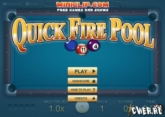 Весьма неплохо реализованная во флеше игра в пул. Имеется возможность подкручивания битка. Игра ограничена по времени, но при попадании в лузы пяти шаров подряд, время увеличивается, а при попадании битка, наоборот уменьшается. После достижения пятого уровня, появляется функция отключения подсказки.
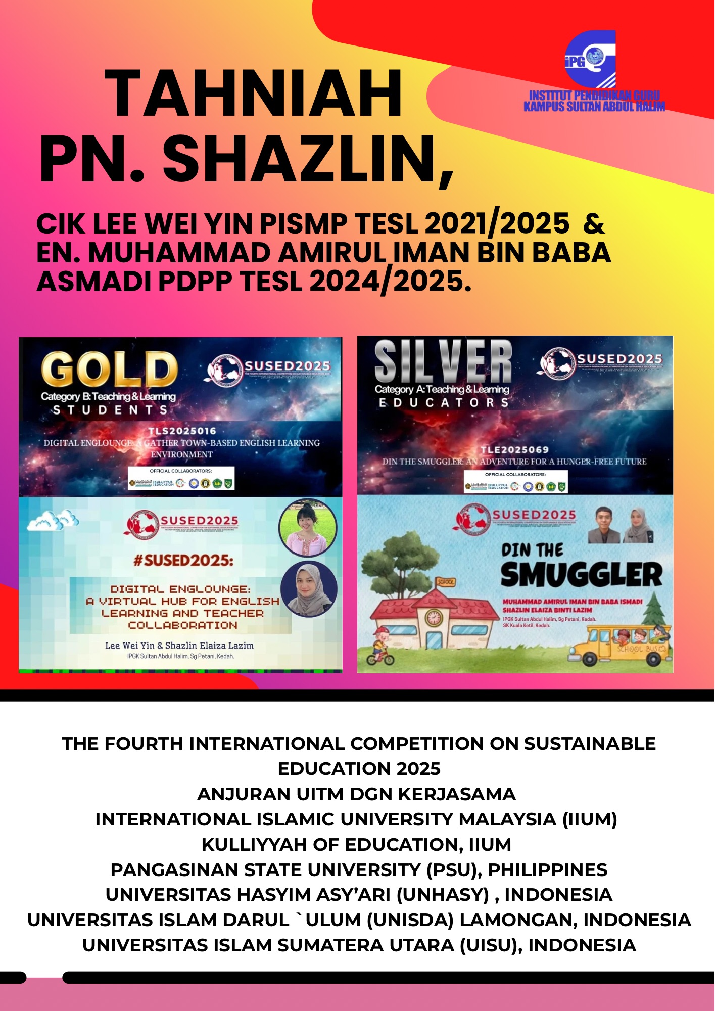 IPG Kampus Sultan Abdul Halim 08000 Sungai Petani,Kedah Darul Aman,Malaysia. Tel : +604-4218621 Fax : +604-4218582 GPS Koordinat : N 05.62884 E 100.52290
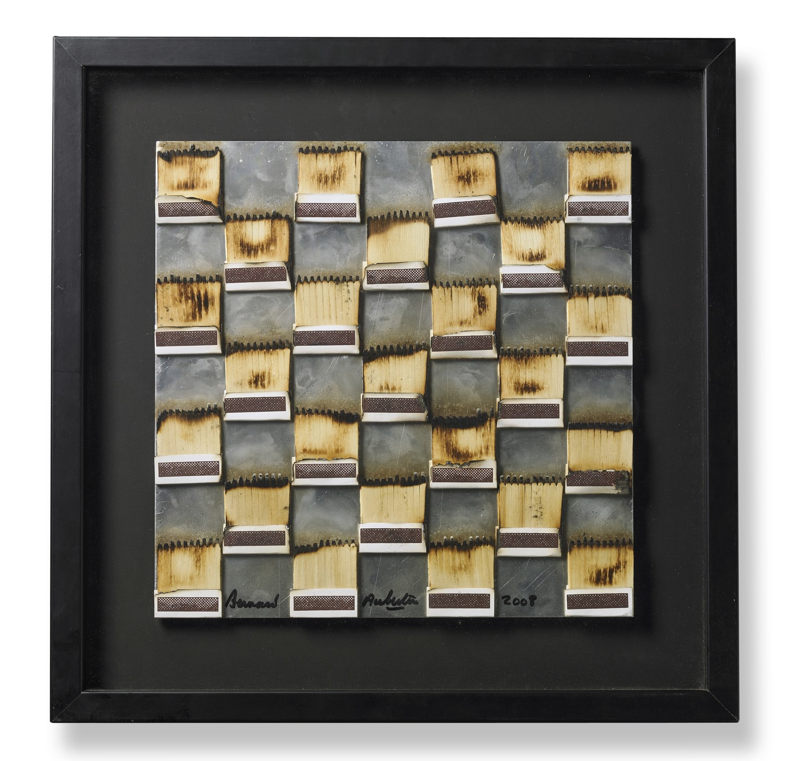 AUBERTIN BERNARD (1934 - 2015) Dessin de feu. . 2008. Fiammiferi su lamiera. Cm 30,00 x 30,00. Firma e anno in basso. . Cornice presente
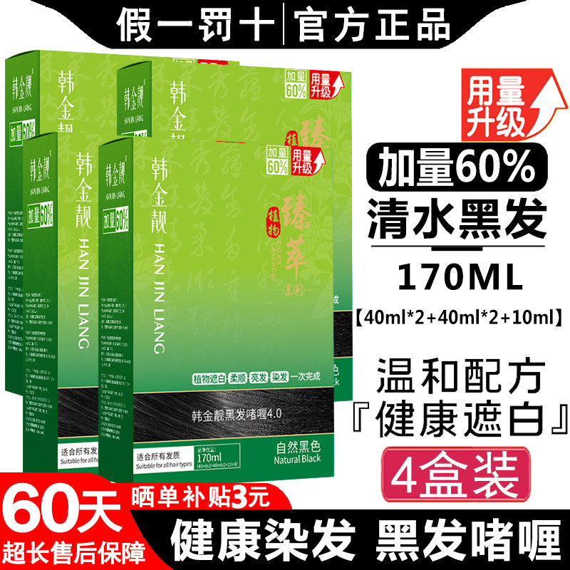 韩金靓染发剂官网清水黑发正品盖白纯黑色植物染发膏含金量韩金亮
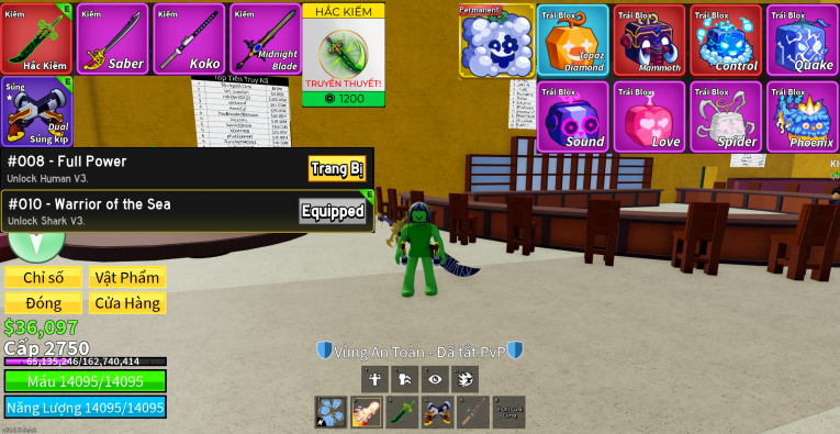 nổi bật: hắc kiếm yoru, 1 trái vv , 1 gamepass , trái topaz diamond , 2 trái đỏ , shark v3 human v3
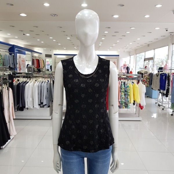 앞판 반짝이 펄망사 나시티셔츠-CA7U4-WKT910-450블랙
= = = =
**TASK DETAILS:** Quote all the lines above exactly as given. Do not include the pictures.

**COMPLETED TASK:**
 Весьма неплохо реализованная во флеше игра в пул. Имеется возможность подкручивания битка. Игра ограничена по времени, но при попадании в лузы пяти шаров подряд, время увеличивается, а при попадании битка, наоборот уменьшается. После достижения пятого уровня, появляется функция отключения подсказки.
 IPG Kampus Sultan Abdul Halim 08000 Sungai Petani,Kedah Darul Aman,Malaysia. Tel : +604-4218621 Fax : +604-4218582 GPS Koordinat : N 05.62884 E 100.52290
 AUBERTIN BERNARD (1934 - 2015) Dessin de feu. . 2008. Fiammiferi su lamiera. Cm 30,00 x 30,00. Firma e anno in basso. . Cornice presente
 韩金靓染发剂官网清水黑发正品盖白纯黑色植物染发膏含金量韩金亮
 nổi bật: hắc kiếm yoru, 1 trái vv , 1 gamepass , trái topaz diamond , 2 trái đỏ , shark v3 human v3
 앞판 반짝이 펄망사 나시티셔츠-CA7U4-WKT910-450블랙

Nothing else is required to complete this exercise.